How to Identify and Clean Orphaned OFF Files in MySQL

Summary

During a routine disk space audit, we discovered a massive accumulation of mysterious files in the /var/lib/mysql/ directory following the pattern OFF.xxxxxx and an accompanying OFF.index file. These files contained fragmented SQL INSERT statements mixed with binary data. After investigation, we identified these as orphaned binary log fragments resulting from a misconfigured or interrupted custom replication or ETL (Extract, Transform, Load) process that bypasses the standard MySQL binary logging mechanism.

Root Cause

The investigation revealed that these files were not part of the core MySQL engine, but rather artifacts of a third-party data synchronization tool or a custom script designed to perform incremental backups or data streaming.

  • Non-Standard Logging: A background process was capturing row-level changes and writing them to local flat files instead of the standard mysql-bin.xxxxxx format.
  • Lack of Rotation Logic: The process was configured to create new files based on a specific size or time threshold but lacked a retention policy to delete old files.
  • Incomplete Transactions: The presence of “binary characters” alongside SQL commands indicates that the script was dumping raw packet data or encoded binary blobs directly into text files, likely due to an unhandled encoding error during the capture phase.
  • Missing in Backups: These files were not present in older backups because the problematic synchronization script was only deployed or activated nine days prior to the discovery.

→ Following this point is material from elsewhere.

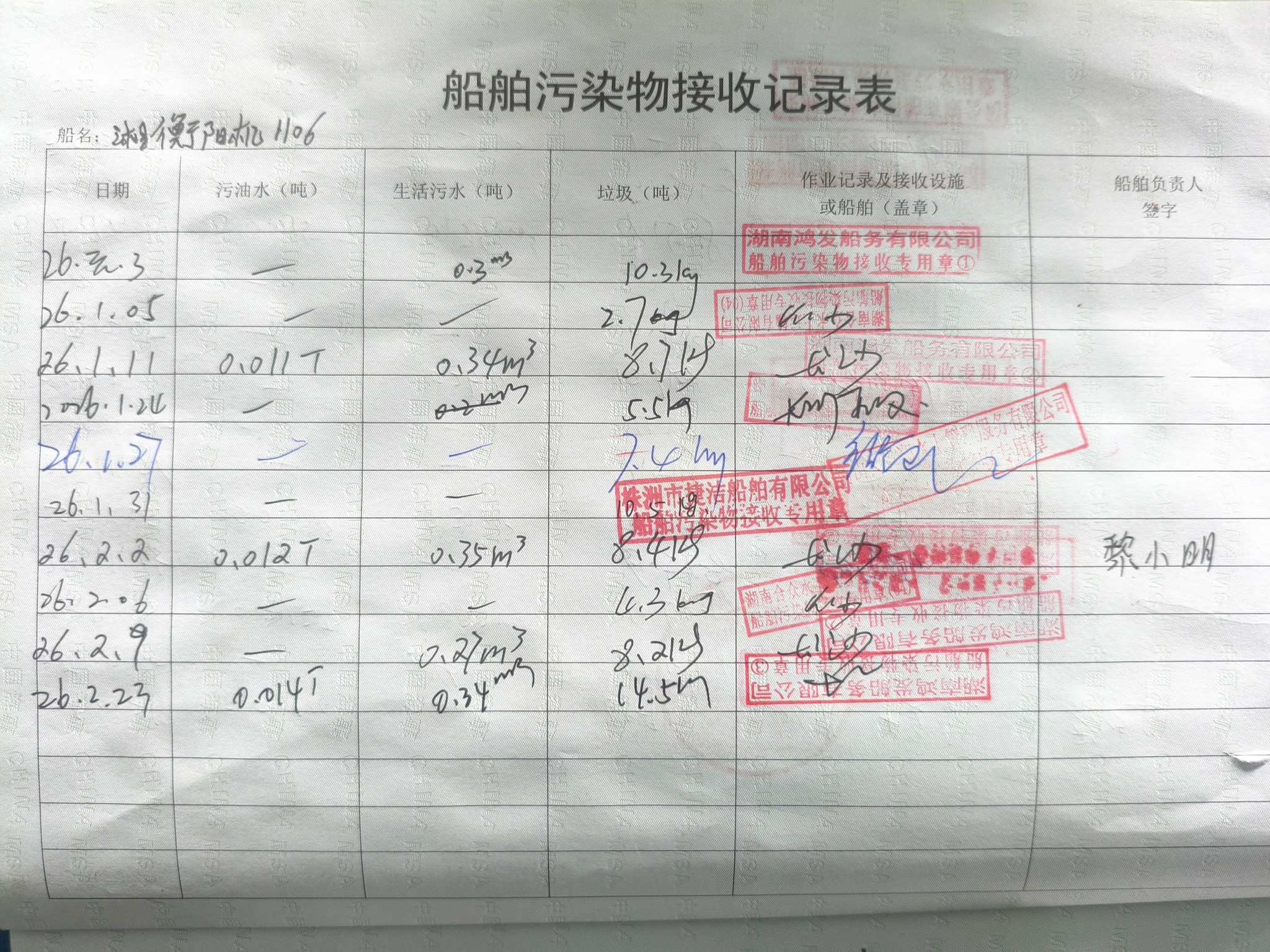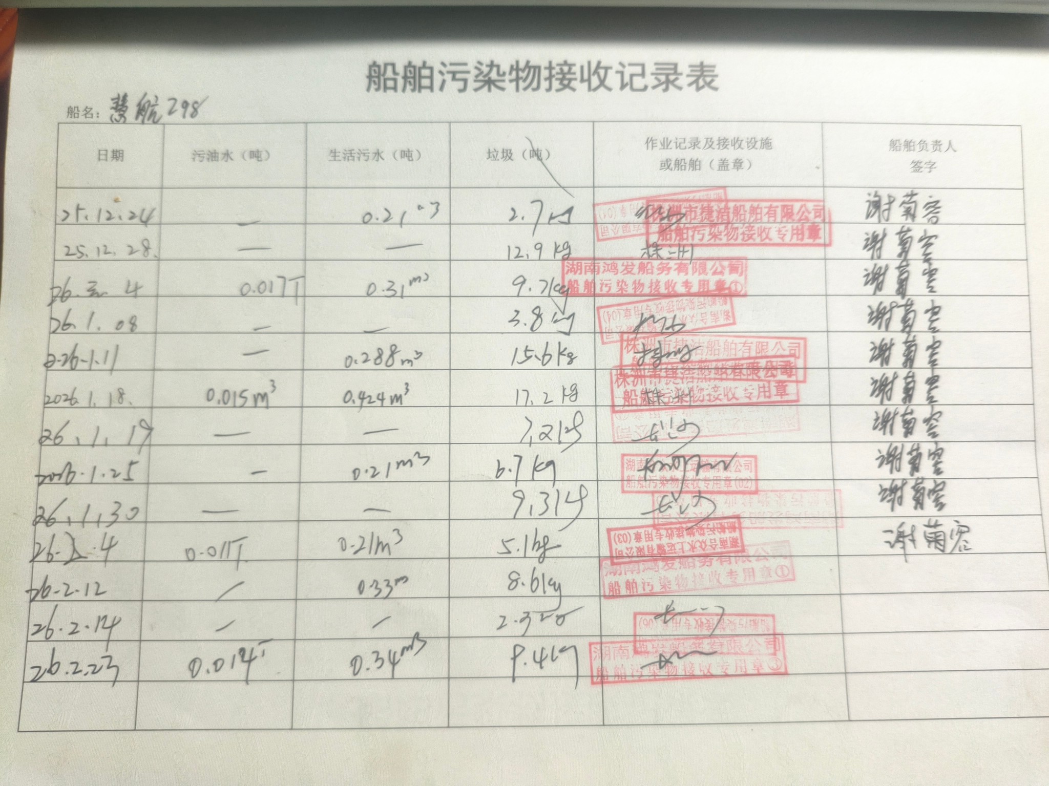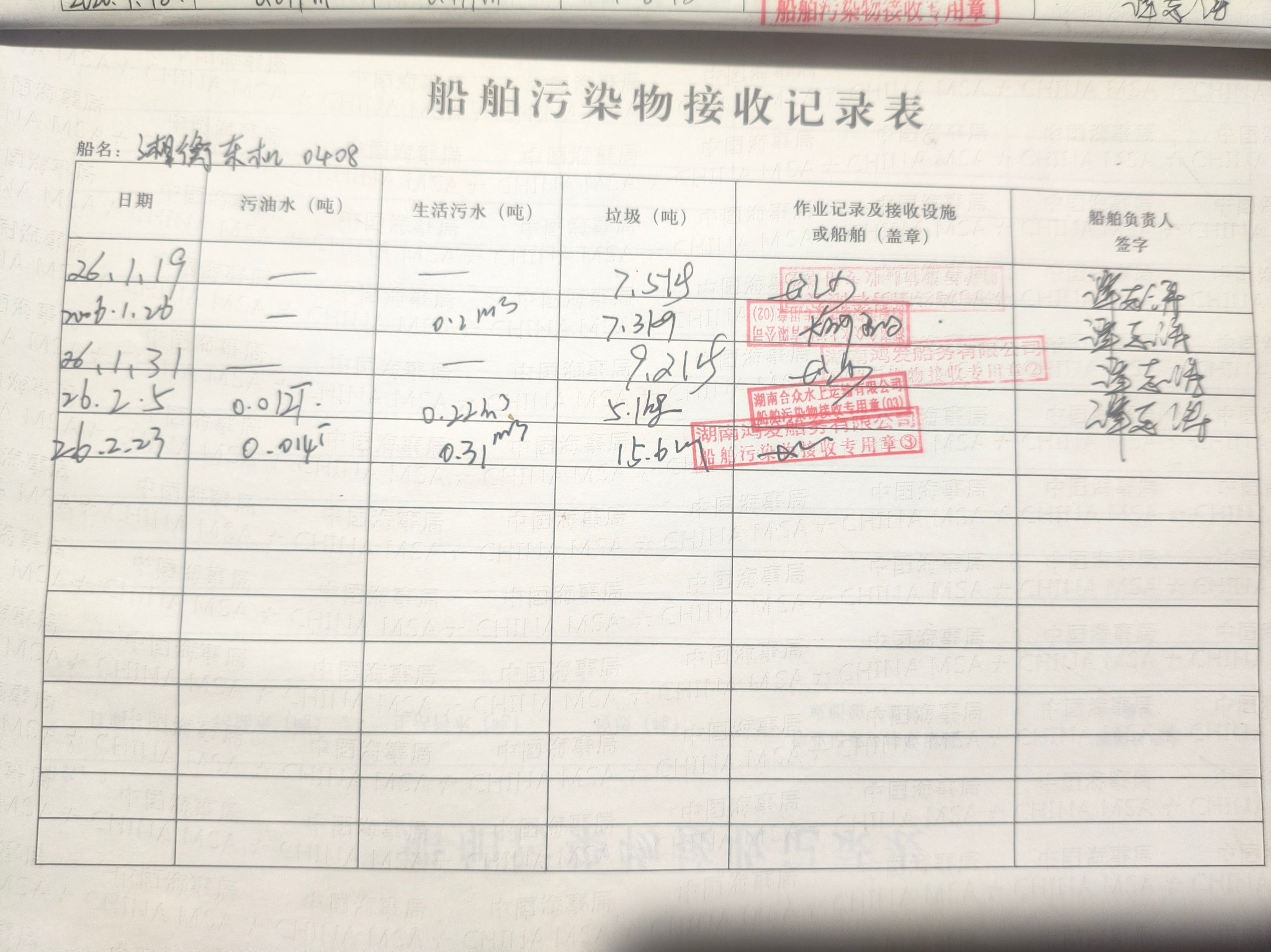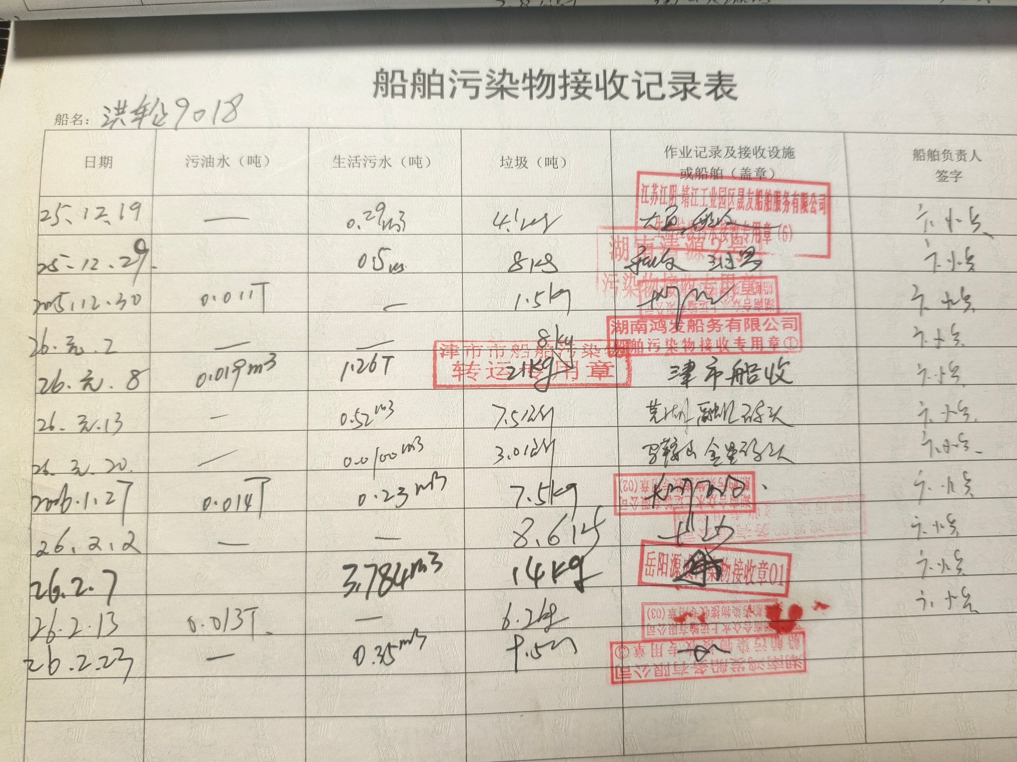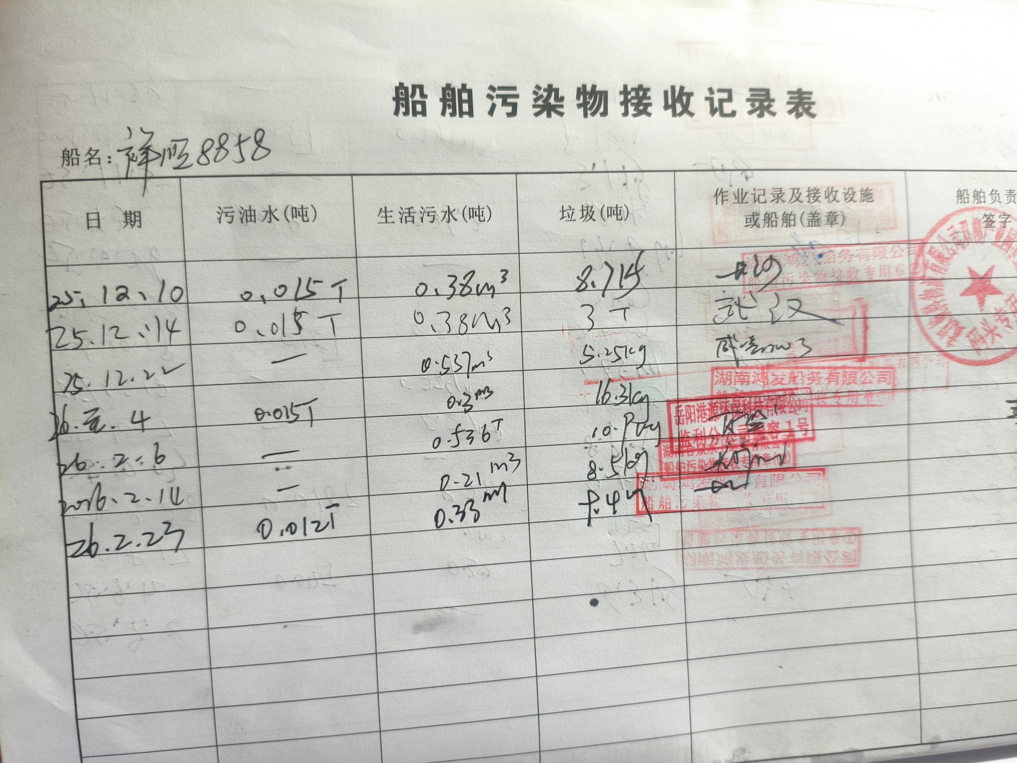 登船台账

Why This Happens in Real Systems

In complex production environments, “shadow processes” often emerge to solve immediate data needs.

  • Sidecar Implementations: Engineers often deploy “sidecar” scripts to stream data to analytical engines (like ClickHouse or BigQuery) without touching the core database configuration.
  • Improper Error Handling: When a data streaming job fails or is killed (SIGKILL), it often leaves behind partially written buffers or index files that represent the “state” of the last failed operation.
  • Configuration Drift: A developer might enable a “debug” or “trace” mode in a data pipeline that writes raw traffic to disk, forgetting to disable it once the troubleshooting is complete.

Real-World Impact

  • Disk Exhaustion (ENOSPC): The most immediate threat is that these files grow monotonically, eventually consuming all available space on the mount point, which causes MySQL to crash or enter a read-only state.
  • I/O Contention: Continuous writing of thousands of small files creates significant IOPS overhead, competing with the actual database engine for disk throughput.
  • Inode Exhaustion: Even if the files are small, the sheer volume (indicated by the increasing xxxxxx suffix) can exhaust the filesystem’s available inodes, preventing any new files from being created on the system.

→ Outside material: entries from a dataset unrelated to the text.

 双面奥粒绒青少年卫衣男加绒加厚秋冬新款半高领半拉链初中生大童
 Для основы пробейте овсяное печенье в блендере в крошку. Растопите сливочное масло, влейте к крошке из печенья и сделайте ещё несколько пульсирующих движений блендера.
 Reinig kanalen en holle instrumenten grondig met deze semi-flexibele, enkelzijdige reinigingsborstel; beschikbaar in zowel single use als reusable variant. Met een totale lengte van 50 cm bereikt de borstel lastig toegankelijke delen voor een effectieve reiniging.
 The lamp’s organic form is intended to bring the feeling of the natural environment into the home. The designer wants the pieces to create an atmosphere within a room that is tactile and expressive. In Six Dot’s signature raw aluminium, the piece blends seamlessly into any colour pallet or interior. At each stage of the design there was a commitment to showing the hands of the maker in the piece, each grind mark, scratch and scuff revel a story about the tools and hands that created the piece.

Example or Code (if necessary and relevant)

# Identifying the process holding these files open
lsof +D /var/lib/mysql/ | grep "OFF\."

# Checking the rate of file creation to estimate time-to-disk-full
find /var/lib/mysql/ -name "OFF.*" -printf '%T@\n' | sort -n | awk '{print $1}' | uniq -c

# Simulating a cleanup of files older than 7 days (USE WITH CAUTION)
find /var/lib/mysql/ -name "OFF.*" -mtime +7 -delete

How Senior Engineers Fix It

A senior engineer does not just delete the files; they remediate the source.

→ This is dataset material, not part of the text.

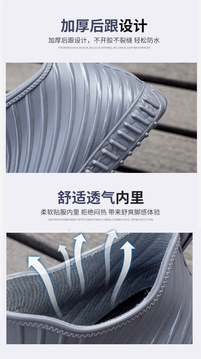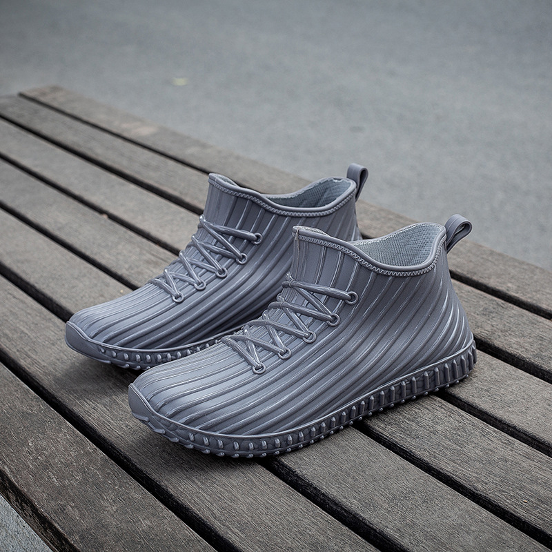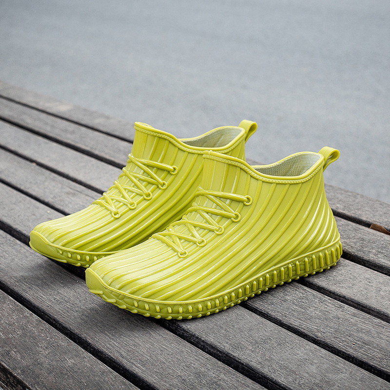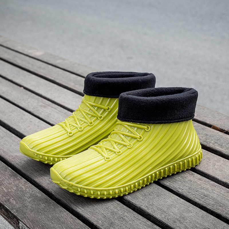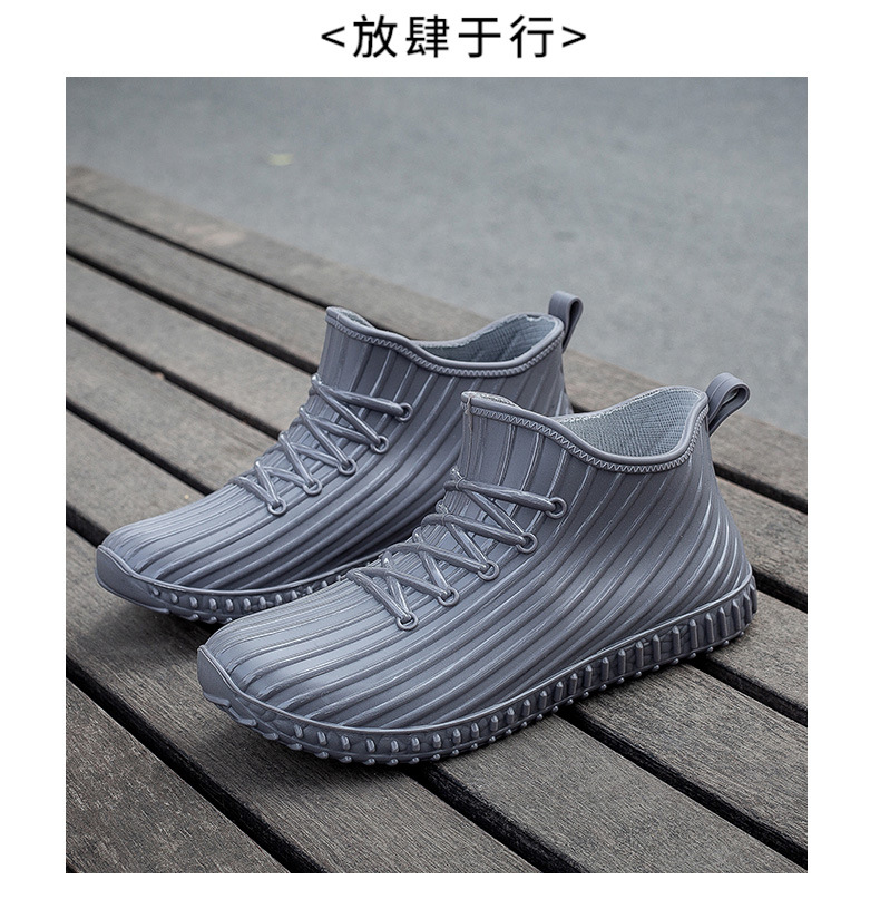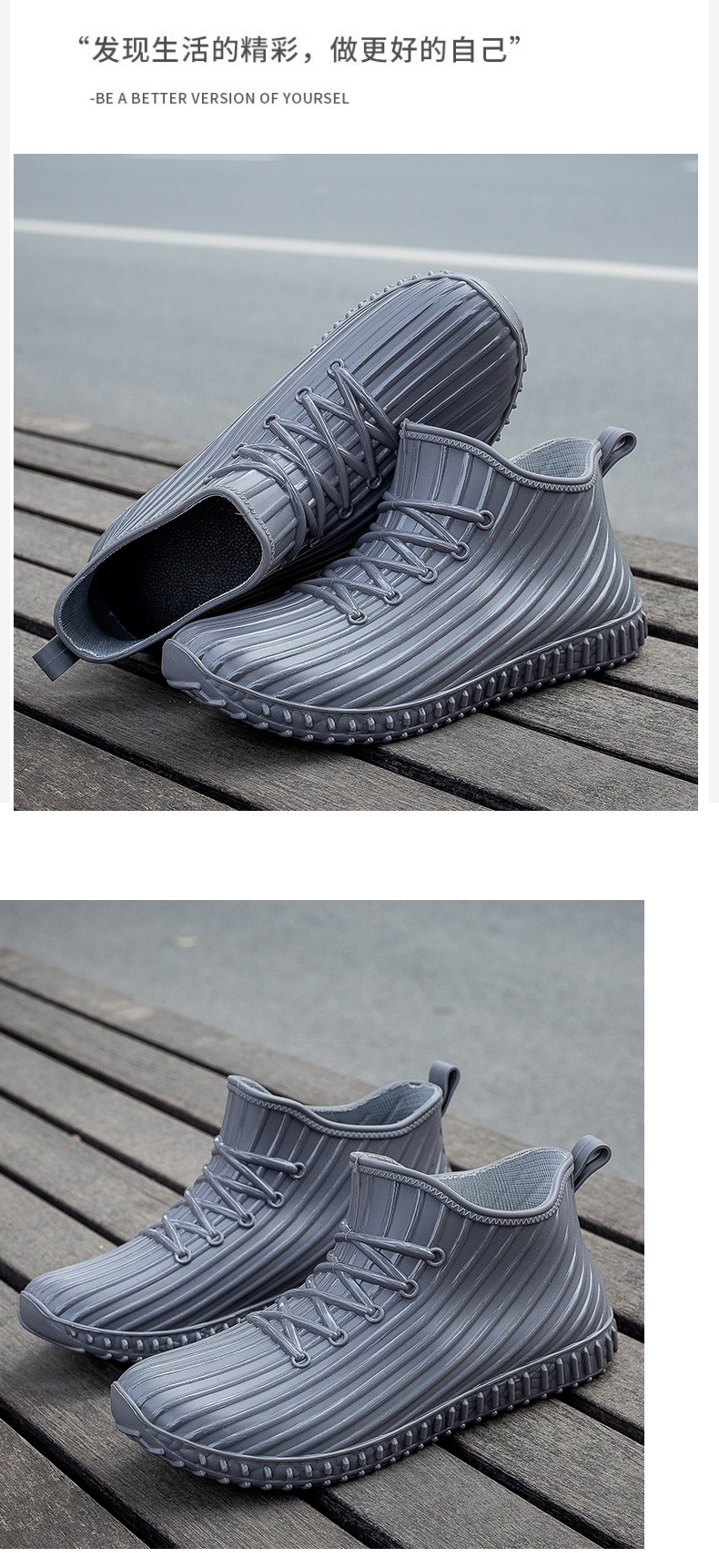 새로운 장화 남자의 십대 짧은 튜브 여자의 미끄럼 방지 패션 커플 플랫 기모 물 신발 학생 방수 장화

  • Process Tracing: Use lsof or fuser to identify which PID is actively writing to the OFF.index file.
  • Root Cause Analysis (RCA): Trace the PID back to a specific service or cron job. In this case, the pattern of timestamps (xx:00, xx:01, etc.) suggested a scheduled task or a polling loop.
  • Implementation of Lifecycle Management: Once the source is identified, implement a log rotation policy (e.g., logrotate) or update the application code to include a TTL (Time To Live) for temporary data files.
  • Observability: Add disk usage alerts specifically for the /var/lib/mysql/ directory to catch anomalous file growth before it reaches critical thresholds.

Why Juniors Miss It

  • Symptom vs. Cause: A junior engineer will often see the disk space issue and simply delete the files to restore service, only to have the problem recur days later.
  • Assumption of Standard Behavior: Juniors often assume any file in /var/lib/mysql/ must be a legitimate MySQL file (like .ibd or binlog), whereas seniors know that unauthorized or third-party processes can pollute database directories.
  • Ignoring Metadata: Juniors may overlook the file creation timestamps and the naming pattern, which are the most critical clues for identifying automated, non-standard processes.